By Raj Deut

OAuth for PHP Twitter Apps, Part 1

By Raj Deut

As of August 31, Twitter’s HTTP Basic Authenticated API service has been disabled entirely. Now, any interface with the API will be required to use a token-based authentication method known an OAuth.

What does this mean? Anyone who’s written a server-based application that talks to Twitter via its API will need to spend some time upgrading it. In this article, we’ll focus on automated back-end type applications, such as an app that automatically tweets when a new deal is available on a website, a sports score tweeter, or other similar apps. In part II, we’ll have a look at the more traditional OAuth model, where individual users authorize your app to access their Twitter accounts via a web interface.

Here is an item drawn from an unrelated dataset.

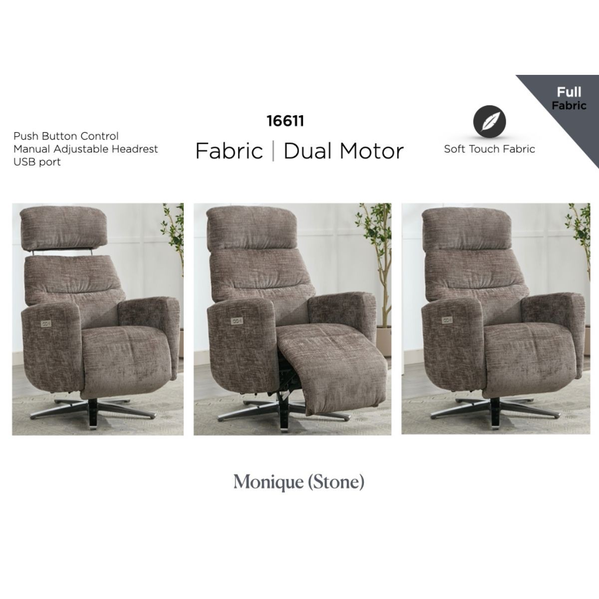 Reference: 16611Elevate your comfort with the Monique Electric TV Chair, designed to combine modern functionality with timeless style. Upholstered in elegant fabric shades of Fossil, Stone, or Ash, this chair enhances any living space with its refined look. The dual motor system allows independent adjustment of the backrest and footrest, giving you complete control over your seating position. Featuring a manual adjustable headrest for personalised support and a built-in USB port for charging devices, the Monique offers both luxury and convenience.

At first glance, the task of implementing OAuth can appear daunting, and OAuth’s token exchange system can be confusing if you’re unfamiliar with it. Fortunately, there are some rather clever individuals who’ve done the groundwork for us, so let’s get started.

Registering Your App

Previously, Twitter didn’t require you to register your application. Under OAuth, however, you must do so. When you do, Twitter will provide you with a set of keys that you’ll need to connect your application to the API.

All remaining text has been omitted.